Linear alkyl benzene (LAB), which is a major feedstock for synthetic detergent, is synthesized via Friedel-Craft alkylation of benezene with 1-dodecene. LAB is produced industrially over HF or AlCl3 homogenous catalyst. Yet, environmental contamination and difficulty in separation are still the concerns shared by many manufacturers. The urge to solve such problems spurred us to employ heterogeneous catalyst in this reaction.

Ionic liquids, with their fine properties, attracted much interest in recent years. In this work, ionic liquids consisted of Bis[(perfluoroalkyl)sulfonyl]imides group was synthesized, which contained "weak-coordination" anion group.
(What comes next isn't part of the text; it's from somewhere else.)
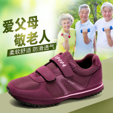 春夏中老年运动鞋男女跑步鞋网布透气软底超轻便防滑老人健步鞋子

For the stable and hydrophobic properties of perfluoroalkyl groups, these kinds of ionic liquids catalysts exhibited characteristics, which were more durable, safe and environment-friendly, comparing with HF or AlCl3(Figure 1 (a)). Moreover, with Ionic liquids entrapped in the channel of SiO2, ionic liquids catalyst were immobilized on ordered mesoporous silica, revealed by TEM and BET (Figure 1 (b)). After immobilization, the pore size of mesoporous silica decreases from 6.7nm to 5.5nm, and specific surface area decreases from 751m2/g to 323 m2/g. Larger specific surface area of the immobilized catalysts created a larger reaction surface which enhanced mass transfer and diffusion, led to higher catalytic activity. Such catalyst structures shared properties from both the stability of ionic liquids and high reactivity of mesoporous zeolites. The study of catalytic behavior proved the immobilized catalysts to be active and stable over the alkylation of benzene with dodecene. Dodecene conversion could reach nearly 100% in 1h with 2-LAB selectivity of more than 50%. With advances in separation and recovery combined with high selectivity and activity, these catalysts would be promising in industrial production.

Figure 1. (a) The reusability of the ionic liquid catalyst. (b) Illustration to the structure of mesoporous silica supported ionic liquids catalyst

*Corresponding author. Tel.: 86-0571-87953382, 86-0571-87952728

E-mail: qhzhang@zju.edu.cn (Qinghua Zhang)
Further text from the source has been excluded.